Em junho de 2016, a polícia militar do Rio iniciou um projeto-piloto para
equipar a polícia com câmeras acopladas ao colete. O uso das câmeras acopladas ao
corpo usadas pelos policiais durante sua patrulha pode desempenhar um papel
fundamental na redução da impunidade nos casos de execuções extrajudiciais
perpetradas por policiais. O vídeo e o áudio gravados antes, durante e depois de um
confronto podem fornecer à polícia civil e aos promotores de justiça, informações
extremamente valiosas para determinar se o uso da força era legal, se o depoimento dos
policiais condiz com a realidade, se houve alteração da cena do crime, das provas ou
qualquer outra iniciativa com o objetivo de acobertar os fatos. O uso de câmeras
acopladas ao corpo também pode trazer outros benefícios importantes para os policiais.
Nos casos em que o uso da força foi realizado dentro dos parâmetros legais, as
gravações poderiam protegê-los de falsas acusações. Nos casos em que alguns agentes
usem a força de maneira ilegal, a câmera poderia ajudar a proteger outros oficiais da
pressão para participarem de um eventual acobertamento, uma vez que as gravações
tornariam esses esforços inúteis. Melhorar as condições de trabalho e salário
teoricamente também seria uma boa alternativa para aliar às outras para que a polícia
brasileira seja menos violenta.
REFERÊNCIAS

FÓRUM BRASILEIRO DE SEGURANÇA PÚBLICA – FBSP. Anuário brasileiro de


segurança pública. Edição XIII. São Paulo, 2019.

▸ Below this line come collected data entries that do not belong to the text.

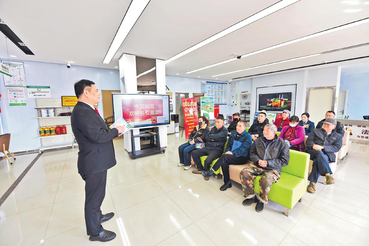 10月20日,沂源县人民法院东里法庭负责人齐元林到法邮服务站给农民普法。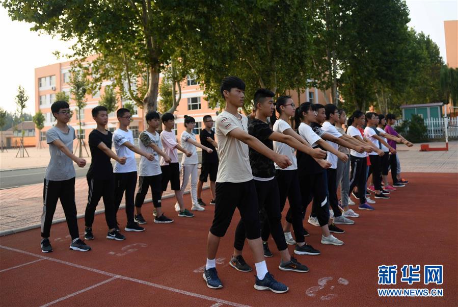 8月29日,寿光市上口镇广陵学校学生在参加军训。该校学区内共有9个村庄被淹,143名学生家中受灾。 记者从山东省政府29日16时召开的新闻发布会上获悉,截至8月29日11时,山东省有526.48万人遭受洪涝灾害,目前正全力开展保障灾区群众生活、依法有序开展受灾理赔、加快灾后生产自救等工作。 新华社记者朱峥摄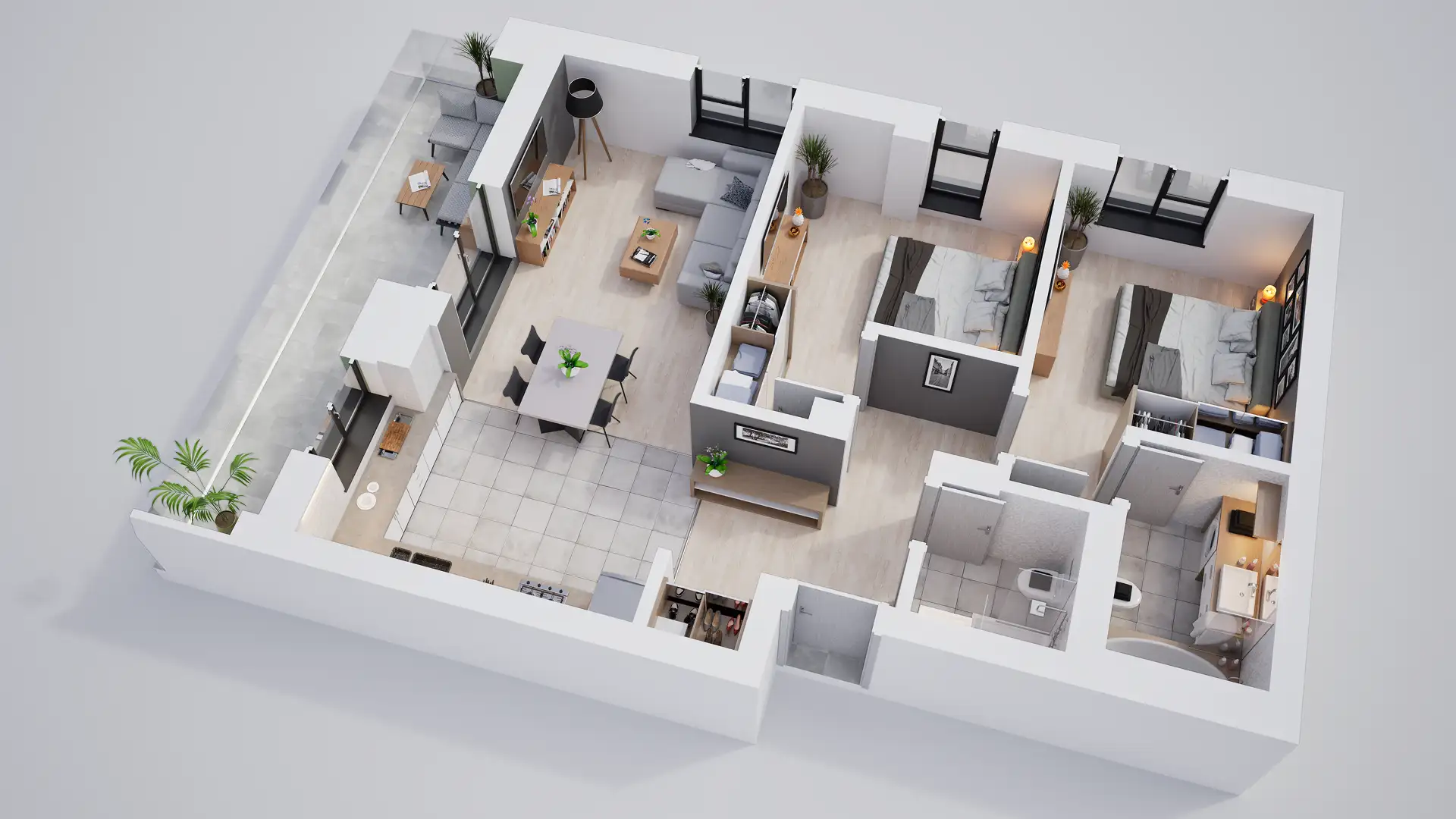 • Terase/Balcoane cu parapet din sticlă securizată, placate cu gresie;
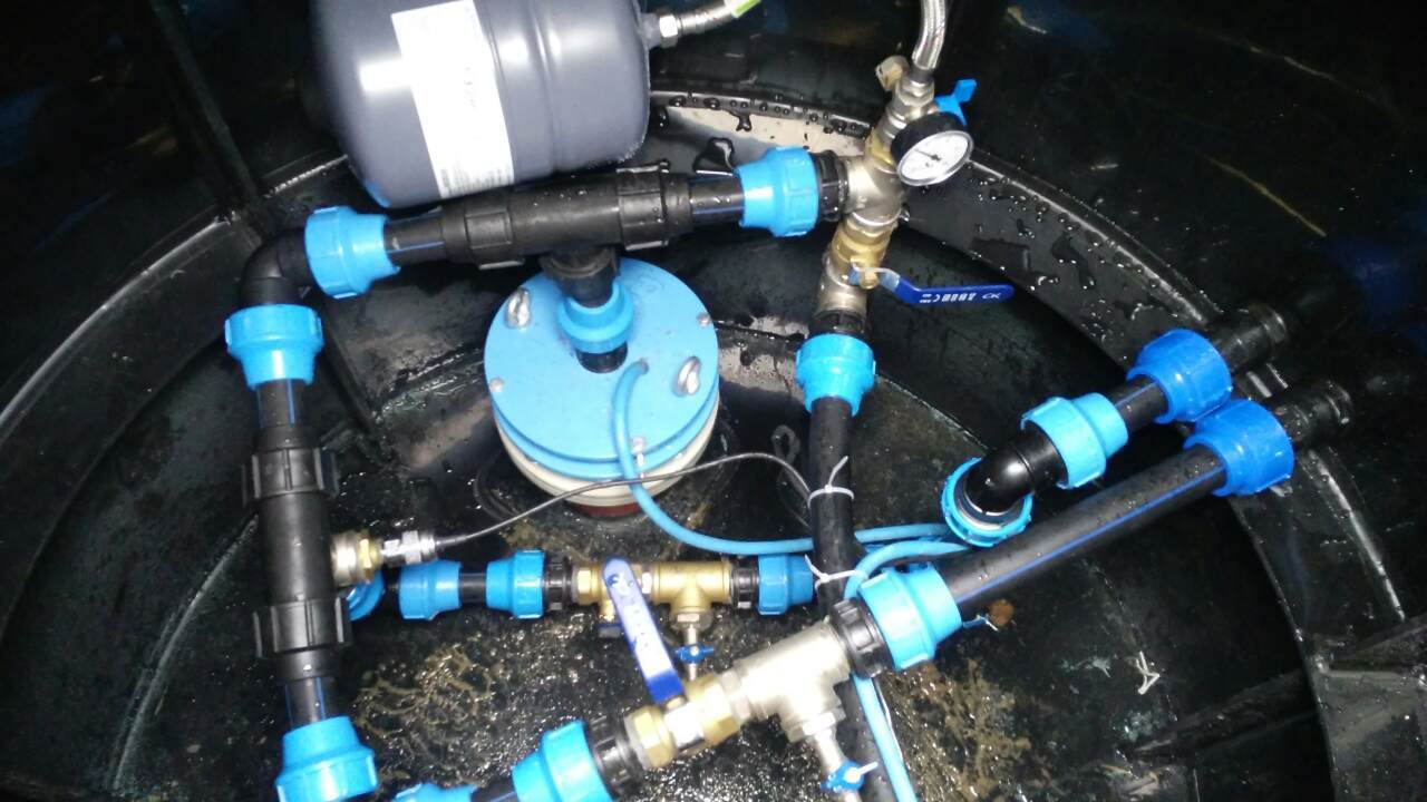 Для подключения напорных водопроводных труб мы не используем силиконовые или резиновые «уплотнители», мы применяем современные компрессионные муфты, которые позволяют легко и просто смонтировать как ПНД, так и ПП трубы необходимого диаметра, что дает свободу при разводке труб внутри кессона.

Misse, Michel; GRILLO, Carolina Christoph ; Neri, N. E. . Letalidade policial e


indiferença legal: a apuração judiciária dos 'autos de resistência' no Rio de Janeiro
(2001-2011). Dilemas: Revista de Estudos de Conflito e Controle Social, v. 1, p. 43-72,
2015.

HUMAN RIGHTS WATCH (HRW). 2016. O Bom Policial tem medo – Os custos da
violência policial no Rio de Janeiro. ISBN 978-1-6231-338726. Brasil.